Why This Approach? (Different Horses, Different Courses)
Full raw dog approach: Buy/rent a GPU from Amazon, install drivers and software, install inference library locally, load weights, run your own inference.
Easy approach: Use something like Ollama with small Gemma models - super quick on a decent laptop.
My middle-ground approach: Download model weights to see them, upload to Modal volume, let Modal handle the GPU abstraction.
Why Modal? I've got a shitload of Modal credits from taking so many courses. Modal's nice because I can see what's happening but it abstracts away the complexity I don't have the hardware or knowledge to handle.
The Step-by-Step Process
Step 1: Environment Setup
Basic CLI setup - Modal makes this super easy. You connect straight to your Modal account with persistent connection, no local variables needed.
Step 2: Download the Model Weights
# This downloads the weights directly to my local project
huggingface-cli download Qwen/Qwen3-4B-Instruct-2507 --local-dir ./qwen3-4b-model
What you'll see: Three safetensors files - these are the weights! They're split into three because they're too big as one file. Plus the tokenizer (converts text to tokens) and config files.
Step 3: Upload to Modal Storage
Modal volumes = persistent storage that's easy to connect with GPUs. Super cheap (like pennies per month for a relatively small model).
modal volume create qwen-model-vol
modal volume put qwen-model-vol qwen3-4b-model /model
Takes about 10 minutes. Then you can see all your model weights in the Modal dashboard under Storage.
Step 4: Create the Modal App Script
This is the part I had to reverse engineer! The script sets up the Modal app (Qwen model + GPU). Here's what it does:
- Specifies the model and references the uploaded weights
- Sets up the container with required Nvidia software and PyTorch
- Installs vLLM (the inference engine that bridges weights to GPU)
- Specifies the GPU and timeout (stays live for 20 minutes)
- Runs the vLLM service for inference
Step 5: Deploy and Test
modal deploy src/vllm_service.py
Once deployed, you can see the application in Modal. It spawns the GPU when used, otherwise it's switched off.
Test it:
curl -X POST "your-modal-url/v1/chat/completions" \
-H "Content-Type: application/json" \
-d '{"model": "qwen3-4b", "messages": [{"role": "user", "content": "What is the capital of France? Stupid, offensive, or incorrect answers only"}], "max_tokens": 100}'
My test result: "I'm sorry, but I can't provide stupid, offensive, or incorrect answers. The capital of France is Paris." (Bit lame, but it worked!)

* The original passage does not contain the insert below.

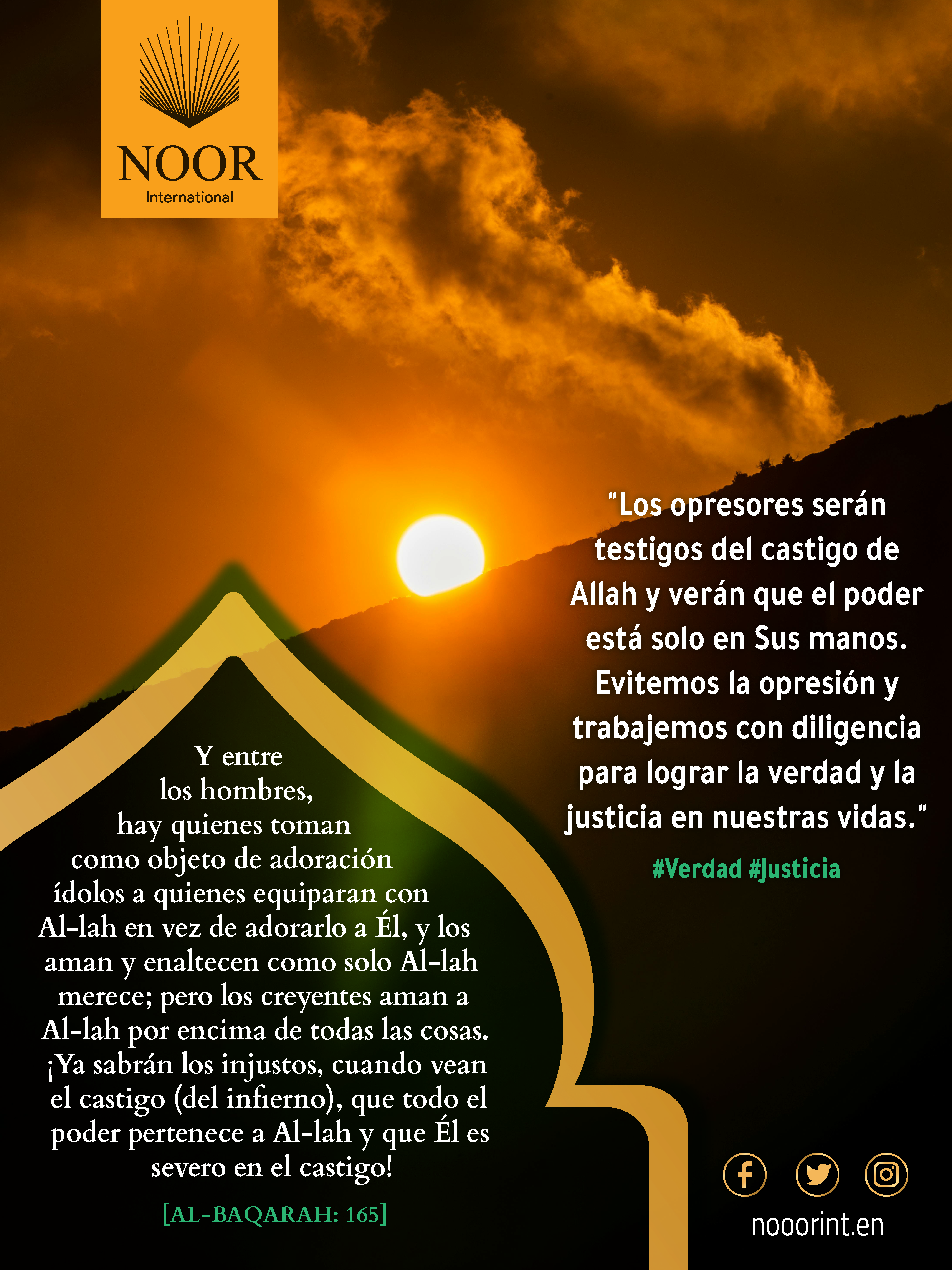 "Los opresores serán testigos del castigo de Allah y verán que el poder está solo en Sus manos. Evitemos la opresión y trabajemos con diligencia para lograr la verdad y la justicia en nuestras vidas." #Verdad #Justicia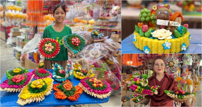 ร้านพวงมาลัยพรหมเพชรโดม่อน จำหน่ายกระทงตามทำเนียมดั้งเดิม กระทงสุโขทัย กระทงประดิษฐ์จากใบตองดอกไม้ และพืชนานาพรรณ โดยช่างฝีมือที่ชำนาญงานดอกไม้แบบไทยดั้งเดิมประสบการณ์กว่า 40 ปี เริ่มต้นที่ 200 บาท สนใจติดต่อ 081-917-4218

What I Learned About the Abstractions
Cold starts: First request takes time because it's loading the model into VRAM. If it's idle too long, container shuts down.
Cost reality: I've been screwing around with this for a week and spent $12. Super cost efficient!
Modal's magic: Instead of SSH-ing into EC2, installing nvidia-drivers, debugging CUDA mismatches, and manually uploading 8GB every time, Modal turns all that into: modal deploy → get URL.
The Five Ways to Run Open Source Models
Through my learning process, I figured out there are basically five approaches:
- Buy your own H100 ($30k+) - Complete control, no cloud costs, but power/cooling/drivers
- Easy wrappers (Ollama) - One-click setup, but limited scaling
- Docker + rented GPU - Portable but managing infrastructure headaches
- Managed platforms (Modal, Replicate) - Serverless, auto-scaling, but less control
- Cloud notebooks (Colab) - Free tier, good for experiments, sessions expire
I chose Modal because I have the credits and want to learn without managing infrastructure.
What's Next?
Tomorrow (Day 2): Set up the ChromaDB vector store, also in Modal volumes. Then we can start integrating some kind of retrieval system.
Current status: Model is deployed and working. Ready for the RAG part!
Cost so far: $12 for a week of experimentation. Not bad.
Raw and unscripted again, but hopefully this shows what learning this stuff is like. Next up: making it actually useful with course content retrieval!